Quando olhamos para a porta, as crianças estavam todas paradas apenas olhando. Levantei e pedi para eles irem para o quarto.
- Eu... eu não agüento mais. – ele disse chorando.
- Amor. Isso vai passar... é uma fase. – falei o abraçando.
- E se não for. Eu o vejo nos meus sonhos, eu o vejo em cada esquina que eu vou. – ele disse chorando.
- Ei. Estou aqui. Estamos aqui.
No dia seguinte, acordei com o corpo doido. Olhei para o meu braço e havia rasgado os pontos. Precisei ir para o hospital. Mauricio acordou e foi tomar café. As crianças estavam sentadas e se assustaram quando o viram.
- Bom dia. – ele disse sentando e se servindo.
Quando ele olhou não havia mais ninguém na mesa. Dora entrou e estranhou os meninos não estarem lá.
- Estão com medo de mim. – disse Mauricio.
- Pare.
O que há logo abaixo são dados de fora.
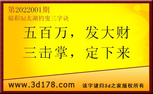 3d第22001期太湖字谜:五百万,发大财,三击掌,定下来
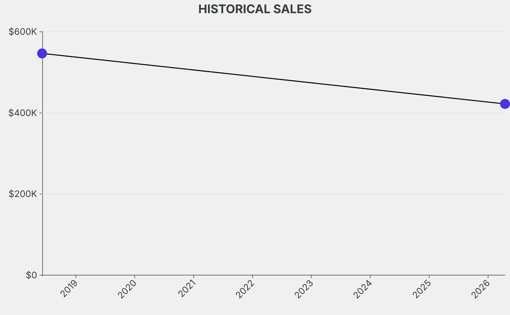 The sale was below the previous auction result by $124,400, realizing a 22% negative return. It last sold at auction in 2018 for $546,700 at Sotheby's.

O senhor é o melhor pai que existe. – ela disse dobrando algumas roupas.
- É verdade.
- Oiii. Cheguei. – falei entrando em casa quando as crianças correram e me abraçaram. – O que foi? – perguntei.
- O papai ta aqui em baixo. – disse Pablo.
- Ele vai bater na gente? – perguntou Patrick.
- Claro que não meus filhos. Onde tiraram esse absurdo? – perguntei.
- Ele te bateu ontem. A gente viu.
- Crianças. O papai tava tendo um pesadelo e... – reparei que o Mauricio estava observando com os olhos marejados e subiu rapidamente. – E ele apenas estava sonhando. Vocês não precisam ter medo.